**Task item**
Where the lines below hold images, skip those and copy every word exactly.

Top of Input data

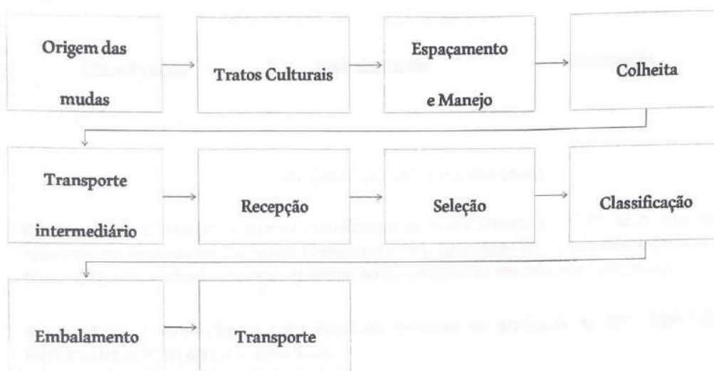
(a) Unidade de beneficiamento central
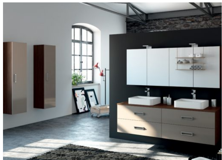
ORMEA - Aquarine
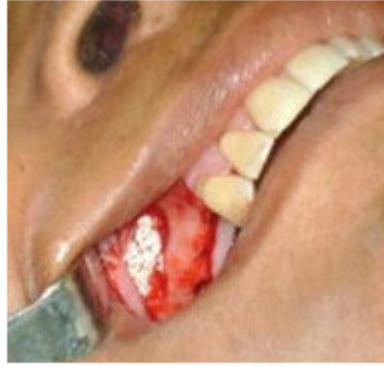
Fig.3. Desplazamiento de la ventana ósea.
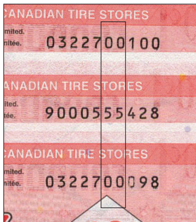
En haut - CTC S29-C07 Centre - CTC S28-Ca06 En bas - CTC S29-C07
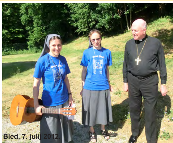
Bled, 7. julij 2012.
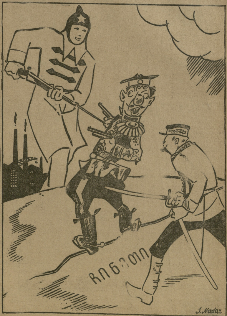
თეთრავარდისი (ჩინელს): — რას იცემებო? ახე იცი ზურგის ვაჟაგოდა!
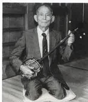
▲三線の音色が「心をおちつかせる」と話す要八さん

二、三時間も草むしりに励むこともあり「やりすぎてしょっちゅう嫁に怒られているさ」と笑顔を見せる。楽しみにしている週二回のデイケアでは「フロも入るし、昼寝もする。体操もあって最高!」と話し、家で
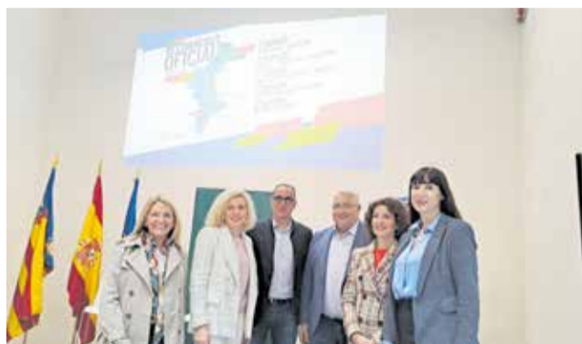
Rueda de prensa de la VCV de la Diputación.
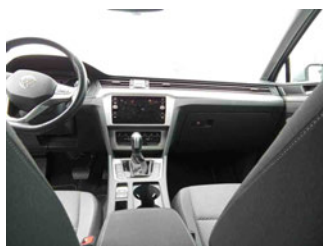
Innenraum - Mittelkonsole
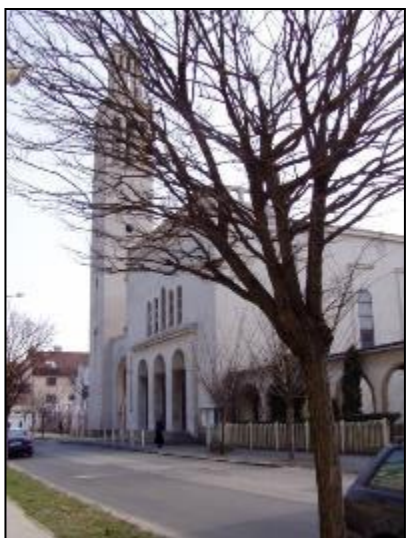
Obr. 13 Kostol Kráľovnej pokoja
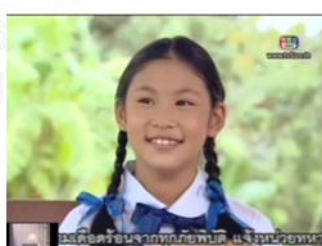
ภาพเด็กหญิงยิ้ม ในละครเรื่อง มาลัยสามชาย ทางช่อง 5

เด็กชายสันติ ในละครเรื่อง ฟ้ากระจ่างดาว สันติ เป็นหลานชายมีคณา (นางเอก) เป็นเด็กนิสัยก้าวร้าว ชอบมีเรื่องชกต่อยกับเพื่อน ๆ ที่โรงเรียนเป็นประจำจนถูกไล่ออก ทางบ้านจึงต้องส่งตัวมาให้มีคณาเป็นคนดูแล มีคณาเองก็ปวดหัวกับพฤติกรรมของหลานชายคนนี้นี่จึงมีปากเสียงกันบ่อย ๆ ครั้งสุดท้ายที่ทะเลาะกัน มีคณาทำโทษสันติอย่างรุนแรงจนสันติหนีออกจากบ้านไปมั่วสุมกับกลุ่มเด็กชายที่ขายบริการทางเพศ ยังดีที่หิรัญย์และ วิมลจิน หมดสาวเพื่อนตำรวจของหิรัญย์ ยื่นมือเข้ามาช่วยตามหาตัวสันติจนเจอ สองป้าหลานปรับความเข้าใจกันได้ด้วยความช่วยเหลือของหิรัญย์ สันติติดหิรัญย์มากเพราะอยากเป็นคนในเครื่องแบบ หิรัญย์จึงสอนให้สันติค่อย ๆ ปรับตัวให้เข้ากับสังคมใหม่
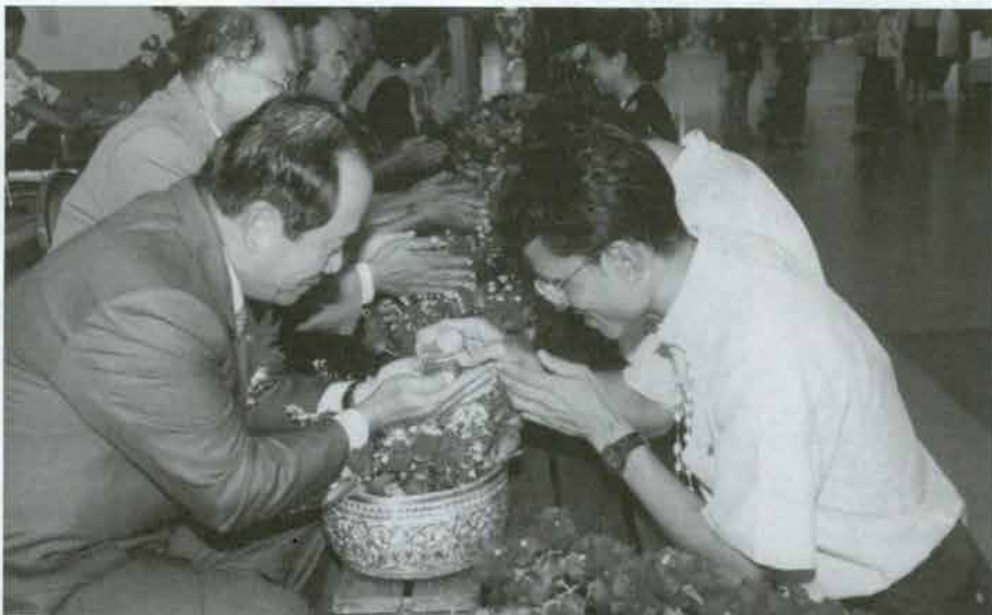
พิธีรดน้ำขอพรนายกสภามหาวิทยาลัย อธิการบดี และอาจารย์อาวุโส
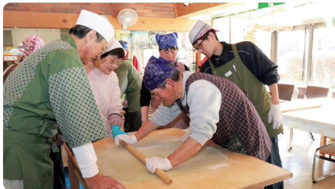
そばの里伊王野愛好会の協力のもと、利用者11人がそば打ちを体験。そばの良い香りに包まれながらみんなで楽しく打ちました(1/21 りんどう作業所)
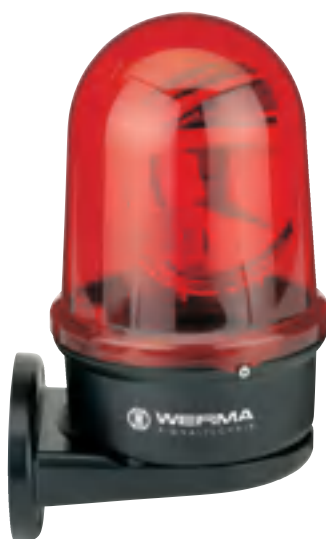
Držák na stěnu (příslušenství)
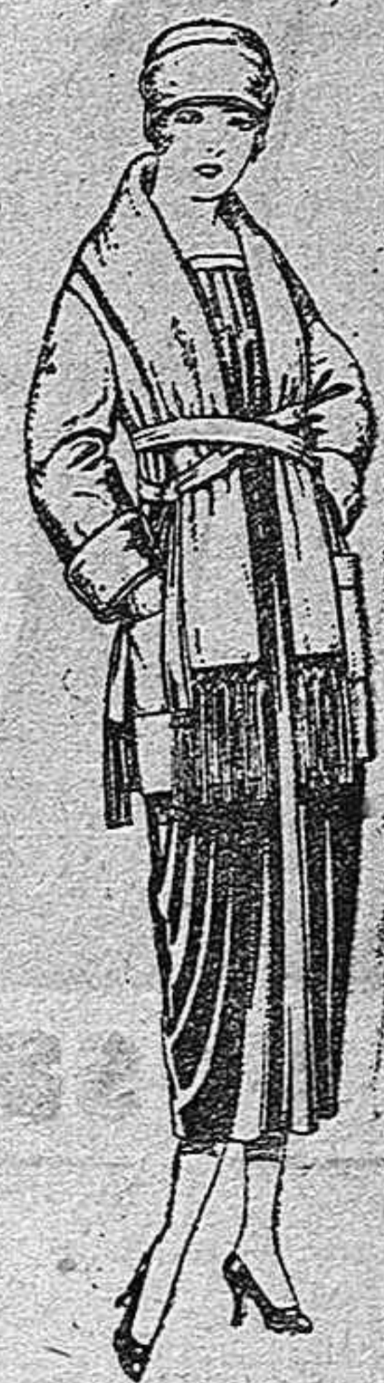
Paletots de punto de lana, cuello bufanda de p-seta 32 a 60.

PELETERIA Camiseria Géneros de punto Gorbateria Guanteria Zopoteria Sombrereria y Parauguas
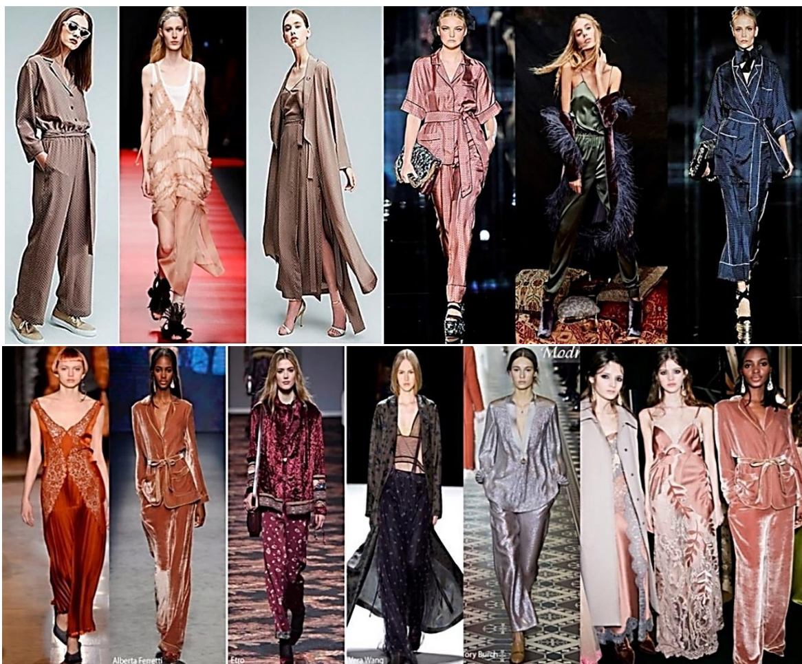
Рисунок 3. Модные цвета в коллекциях этого сезона ( https://goo.gl/t6eEHb ).

ассортименте одежды, используя их в элегантных кашемировых пальто, вечерних и повседневных платьях.
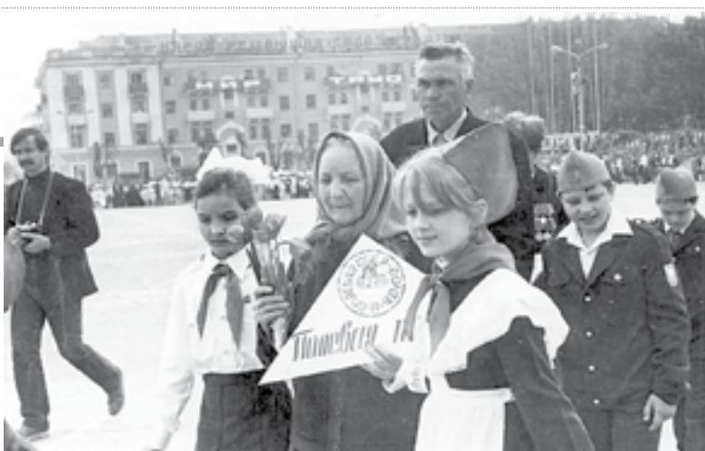
1986 год. На площади Революции в Белгороде
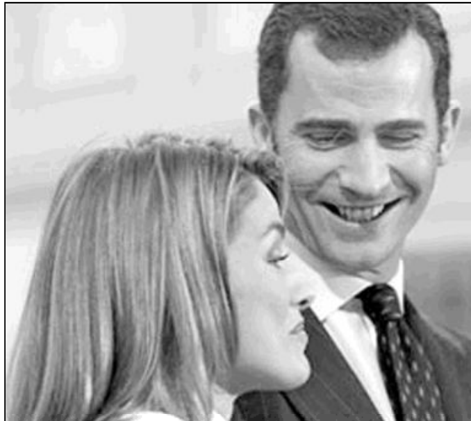
Los futuros reyes de España deberán hacer los cursillos prematrimoniales

De nuestro país saltamos a Alemania. Allí acaba de ser nombrado nuncio apostólico en
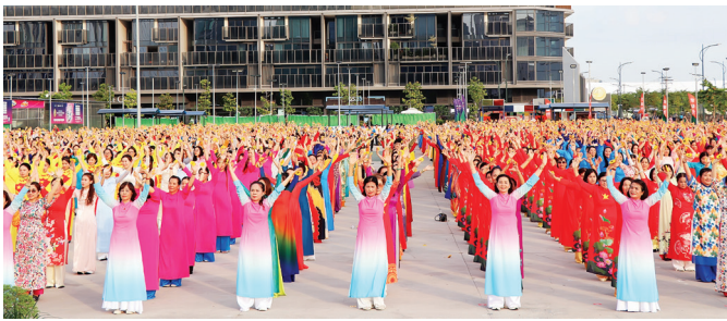
Hơn 3.000 đại biểu tham gia Tiết mục “Đồng diễn dân vũ với Áo dài” với chủ đề “50 năm - Tự hào một dải gấm hoa”.

Phát biểu chúc mừng, đồng chí Trần Hữu Phước, Phó Chủ tịch UBND TP Thủ Đức ghi nhận, đánh giá cao những đóng góp to lớn của Hội LHPN TP Thủ Đức trong những năm qua. Hội đã không ngừng đổi mới nội dung và phương thức hoạt động, vừa chăm lo, bảo vệ quyền lợi của phụ nữ, vừa vận động, tập hợp các tầng lớp phụ nữ tham gia phong trào thi đua yêu nước, tham gia phát triển kinh tế - xã hội, xây dựng gia đình hạnh phúc. Đồng chí mong muốn trong thời gian tới, BTV Hội LHPN TP Thủ Đức tiếp tục phát huy vai trò tham mưu cho các Cấp ủy trong công tác đổi mới nội dung, phương thức hoạt động Hội và phong trào phụ nữ, quan tâm động viên nữ cán bộ trẻ ra sức học tập, nâng cao trình độ kiến thức, phẩm chất chính trị,

Bottom of Input data

**Problem solution**
(a) Unidade de beneficiamento central
ORMEA - Aquarine
Fig.3. Desplazamiento de la ventana ósea.
En haut - CTC S29-C07 Centre - CTC S28-Ca06 En bas - CTC S29-C07
Bled, 7. julij 2012.
თეთრავარდისი (ჩინელს): — რას იცემებო? ახე იცი ზურგის ვაჟაგოდა!
▲三線の音色が「心をおちつかせる」と話す要八さん

二、三時間も草むしりに励むこともあり「やりすぎてしょっちゅう嫁に怒られているさ」と笑顔を見せる。楽しみにしている週二回のデイケアでは「フロも入るし、昼寝もする。体操もあって最高!」と話し、家で
Rueda de prensa de la VCV de la Diputación.
Innenraum - Mittelkonsole
Obr. 13 Kostol Kráľovnej pokoja
ภาพเด็กหญิงยิ้ม ในละครเรื่อง มาลัยสามชาย ทางช่อง 5

เด็กชายสันติ ในละครเรื่อง ฟ้ากระจ่างดาว สันติ เป็นหลานชายมีคณา (นางเอก) เป็นเด็กนิสัยก้าวร้าว ชอบมีเรื่องชกต่อยกับเพื่อน ๆ ที่โรงเรียนเป็นประจำจนถูกไล่ออก ทางบ้านจึงต้องส่งตัวมาให้มีคณาเป็นคนดูแล มีคณาเองก็ปวดหัวกับพฤติกรรมของหลานชายคนนี้นี่จึงมีปากเสียงกันบ่อย ๆ ครั้งสุดท้ายที่ทะเลาะกัน มีคณาทำโทษสันติอย่างรุนแรงจนสันติหนีออกจากบ้านไปมั่วสุมกับกลุ่มเด็กชายที่ขายบริการทางเพศ ยังดีที่หิรัญย์และ วิมลจิน หมดสาวเพื่อนตำรวจของหิรัญย์ ยื่นมือเข้ามาช่วยตามหาตัวสันติจนเจอ สองป้าหลานปรับความเข้าใจกันได้ด้วยความช่วยเหลือของหิรัญย์ สันติติดหิรัญย์มากเพราะอยากเป็นคนในเครื่องแบบ หิรัญย์จึงสอนให้สันติค่อย ๆ ปรับตัวให้เข้ากับสังคมใหม่
พิธีรดน้ำขอพรนายกสภามหาวิทยาลัย อธิการบดี และอาจารย์อาวุโส
そばの里伊王野愛好会の協力のもと、利用者11人がそば打ちを体験。そばの良い香りに包まれながらみんなで楽しく打ちました(1/21 りんどう作業所)
Držák na stěnu (příslušenství)
Paletots de punto de lana, cuello bufanda de p-seta 32 a 60.

PELETERIA Camiseria Géneros de punto Gorbateria Guanteria Zopoteria Sombrereria y Parauguas
Рисунок 3. Модные цвета в коллекциях этого сезона ( https://goo.gl/t6eEHb ).

ассортименте одежды, используя их в элегантных кашемировых пальто, вечерних и повседневных платьях.
1986 год. На площади Революции в Белгороде
Los futuros reyes de España deberán hacer los cursillos prematrimoniales

De nuestro país saltamos a Alemania. Allí acaba de ser nombrado nuncio apostólico en
Hơn 3.000 đại biểu tham gia Tiết mục “Đồng diễn dân vũ với Áo dài” với chủ đề “50 năm - Tự hào một dải gấm hoa”.

Phát biểu chúc mừng, đồng chí Trần Hữu Phước, Phó Chủ tịch UBND TP Thủ Đức ghi nhận, đánh giá cao những đóng góp to lớn của Hội LHPN TP Thủ Đức trong những năm qua. Hội đã không ngừng đổi mới nội dung và phương thức hoạt động, vừa chăm lo, bảo vệ quyền lợi của phụ nữ, vừa vận động, tập hợp các tầng lớp phụ nữ tham gia phong trào thi đua yêu nước, tham gia phát triển kinh tế - xã hội, xây dựng gia đình hạnh phúc. Đồng chí mong muốn trong thời gian tới, BTV Hội LHPN TP Thủ Đức tiếp tục phát huy vai trò tham mưu cho các Cấp ủy trong công tác đổi mới nội dung, phương thức hoạt động Hội và phong trào phụ nữ, quan tâm động viên nữ cán bộ trẻ ra sức học tập, nâng cao trình độ kiến thức, phẩm chất chính trị,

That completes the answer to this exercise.